# S&W Mod 29-2 .44 Mag



## BassBlaster (Jun 8, 2006)

Got my hands on one of these today in a trade. Anyone know anything about these? I'm thinking I want to use it for deer season next year. Would it be good for that? What would be a good ammo for deer? This is my first handgun so I know little. Any helpful tips and info is appreciated.


----------



## Smallmouth Crazy (Apr 4, 2006)

Would be a great deer gun as long as the barrel is at least 5", guys use bullet weights anywhere from 180-240grs with the 240 probably being the most popular, I would also do alot of practicing with it before the next deer season, handguns are a complete different animal than shotguns, you probably wont get the range out of your handgun that you would from a shotgun, I have a 8 3/8" model 29 myself with a 4X Leupold on it, and again practice practice, and realize that you might have to pass on shots with your 44 that you might have taken with a shotgun.


----------



## BassBlaster (Jun 8, 2006)

Thanks for the quick reply!
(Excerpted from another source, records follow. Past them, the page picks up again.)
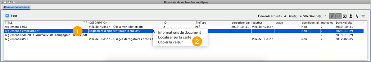 <table data-header-hidden><thead><tr><th width="71.73835125448028"></th><th></th></tr></thead><tbody><tr><td><strong>1</strong></td><td>Document sélectionné en cliquant sur sa rangée.</td></tr><tr><td><strong>2</strong></td><td>Menu contextuel s'ouvrant au clic du bouton droit et donnant accès à des fonctions pour travailler avec le document.</td></tr></tbody></table>
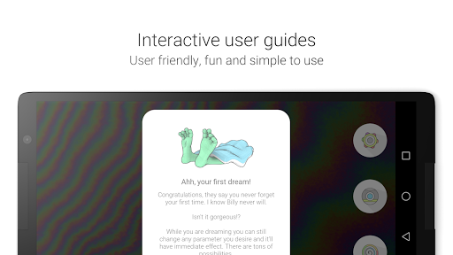 Używa aparatu telefonu do tworzenia doświadczeń wizualnych w czasie rzeczywistym dla użytkownika z niesamowitą jakością i szybkością. Psychodeliczny sen został opracowany z myślą o bezpiecznym i zabawnym doświadczeniu wizualnym dla każdego, kto jest właścicielem odpowiedniego telefonu z Androidem.
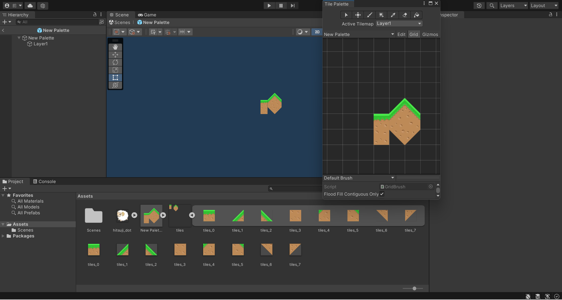 その後、Tilepalatteの画面から、Create New Paletteを押して、新しいパレットを作成してください。特にこだわりがなければ、そのまま保存してください。
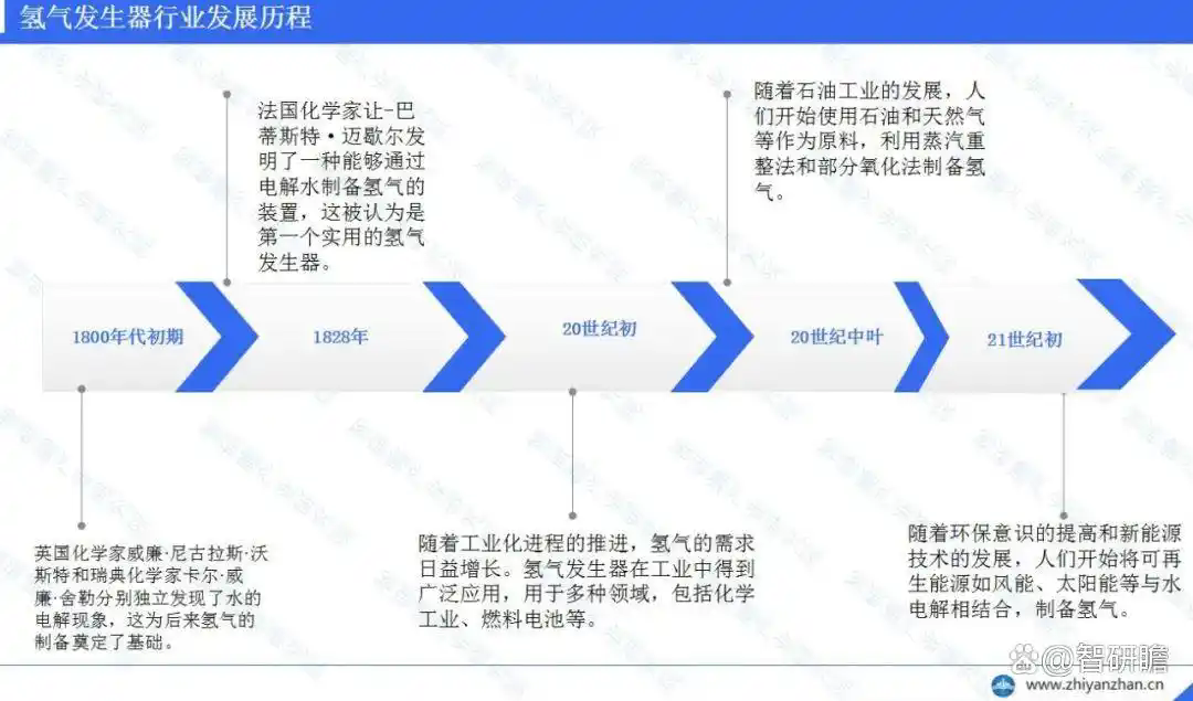 20世紀初隨著工業(yè)化進程的推進,氫氣的需求日益增長。20世紀中葉隨著石油工業(yè)的發(fā)展,人們開始使用石油和天然氣等作為原料,利用蒸汽重整法和部分氧化法制備氫氣。21世紀初隨著環(huán)保意識的提高和新能源技術(shù)的發(fā)展,人們開始將可再生能源如風能、太陽能等與水電解相結(jié)合,制備氫氣。同時,氫氣發(fā)生器也開始應用于人們的日常生活,如用于飲用水的凈化、健康保健等領(lǐng)域。
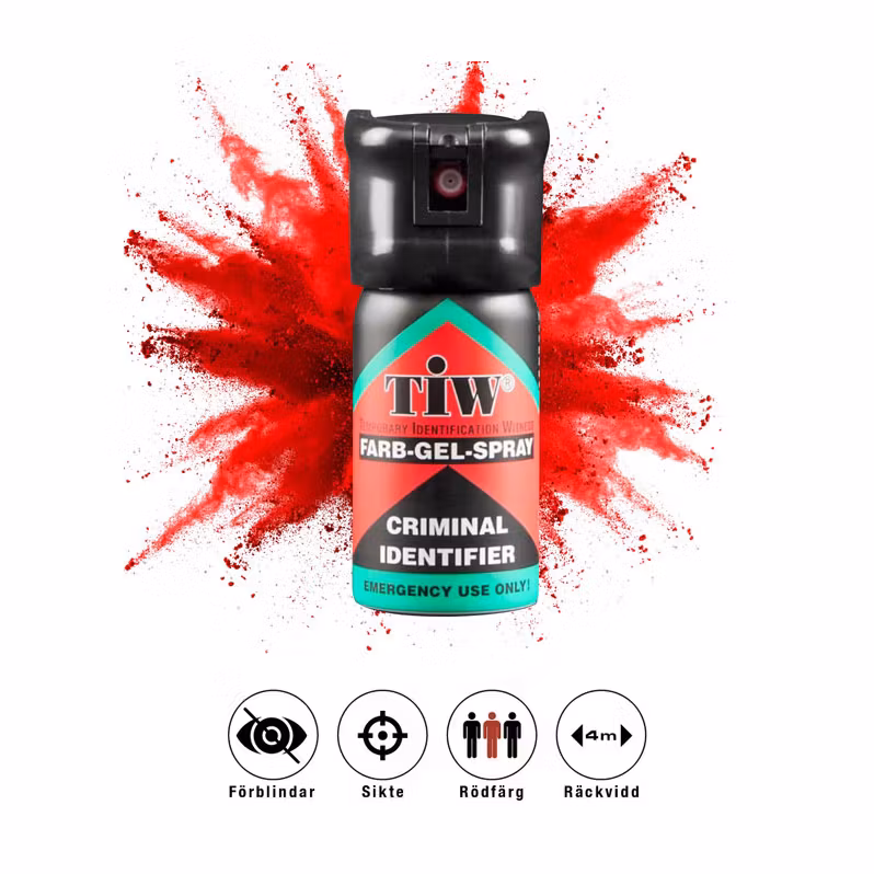 Forsvarssprayen giver mulighed for at holde afstand i en truende situation. Sprayen har lang rækkevidde og indeholder rød farvemarkering, som gør det lettere at identificere en person efterfølgende. Den gelbaserede spray giver høj præcision og reducerer risikoen for påvirkning fra vind.

It has the 6 1/2" barrel. I plan on spending a lot of time at the range before I ever decide to hit the woods. What kinda groups are you getting with a scope on it? Is there a specific brand of ammo that shoots better outta your S&W? Thanks for the tips!


----------



## Smallmouth Crazy (Apr 4, 2006)

I handload for mine with a Hornady 240gr XTP, I never have measured groups, but I sight it in at 50yds and Im guessing that the 6 shots are somewhere around 2" roughly.


----------



## MAKtackle (Mar 29, 2005)

I also have the 29 8 3/8. Red Dot scope and love it! Wouldn't ever hunt without a scope on the 44. MUCH more accurate! I shoot 200jhp mainly because i can group them better. I buy from someone who loads them who aslo sells at gun shows. I've tried name brands and grouping sucks along with the cost. I sight in at 80yds with a rest and have 1-1 1/2 inch groups. Have shot many deer with this gun but have to shoot from some sort of rest/perch. Some of those deer have been well over 100yds with the dot on the kill spot. I mainly like the 44 due to a shoulder holster I converterd into a belt holster that will hold the 44 with scope. This leaving my hands free and much less clumbersome. Have had a few problems with the damage to the deer, LARGE exit holes, damage to meat, but never a problem with the gun or scope over the last 10yrs of use.


----------